A small-scale hydrothermal uranium mineralization hosted within the siderite deposit at Hüttenberg (Eastern Alps, Austria) was re-investigated using modern scanning electron microscope (SEM) and microprobe (EMPA) methods. The uranium mineralization comprises brannerite, coffinite and uraninite, and is spatially associated with Fe-, Ni- and Co-arsenides (loellingite, rammelsbergite, safflorite), bismuth and bismuthinite, as well as rare accessory silver-bearing minerals and gold locally.
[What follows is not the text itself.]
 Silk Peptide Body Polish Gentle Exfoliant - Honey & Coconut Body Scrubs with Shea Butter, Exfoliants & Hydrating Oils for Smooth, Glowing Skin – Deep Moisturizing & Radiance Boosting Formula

The U-bearing fluids also carried P, Y and REEs, which precipitated as xenotime and P–Y coffinite. The uranium mineralization paragenetically postdates the metasomatic formation of the host siderite ore.
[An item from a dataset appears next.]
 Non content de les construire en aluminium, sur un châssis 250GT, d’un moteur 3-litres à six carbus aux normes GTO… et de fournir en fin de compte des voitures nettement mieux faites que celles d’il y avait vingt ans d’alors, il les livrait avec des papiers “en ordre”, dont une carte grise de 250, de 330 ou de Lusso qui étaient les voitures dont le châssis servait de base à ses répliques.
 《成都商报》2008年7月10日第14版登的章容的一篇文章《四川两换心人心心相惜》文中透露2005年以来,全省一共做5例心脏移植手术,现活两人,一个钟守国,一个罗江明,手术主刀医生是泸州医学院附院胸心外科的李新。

Uraninite allows for precise single spot EMPA ages to be calculated (±2 Ma) due to its high radiogenic lead content. There is an excellent internal consistency in the uraninite data with calculated dates ranging between 77 and 84 Ma. We interpret that these record the crystallization age of the uraninite, and that any influences of lead loss or common Pb are minimal. Brannerite was also analyzed but U-total Pb microprobe data scatter (c.30–80 Ma) with evidence of lead loss, particularly in altered domains. It does, however, provide a minimum constraint on the timing of mineralization that is consistent with the crystallization age of the uraninite. Coffinite proved completely unsuitable for U-total Pb geochronology due to extreme lead loss. However, hydrothermal xenotime yields a U-total Pb age of 78 ± 5 Ma, consistent with the uraninite age. Therefore, the U-total Pb geochronological data support a late Cretaceous age for the U-mineralization of c. 80 Ma. Considering this timing constraint together with other geological and indirect thermochronological aspects, we conclude that the siderite deposit of Hüttenberg is older and formed at c. 90−80 Ma.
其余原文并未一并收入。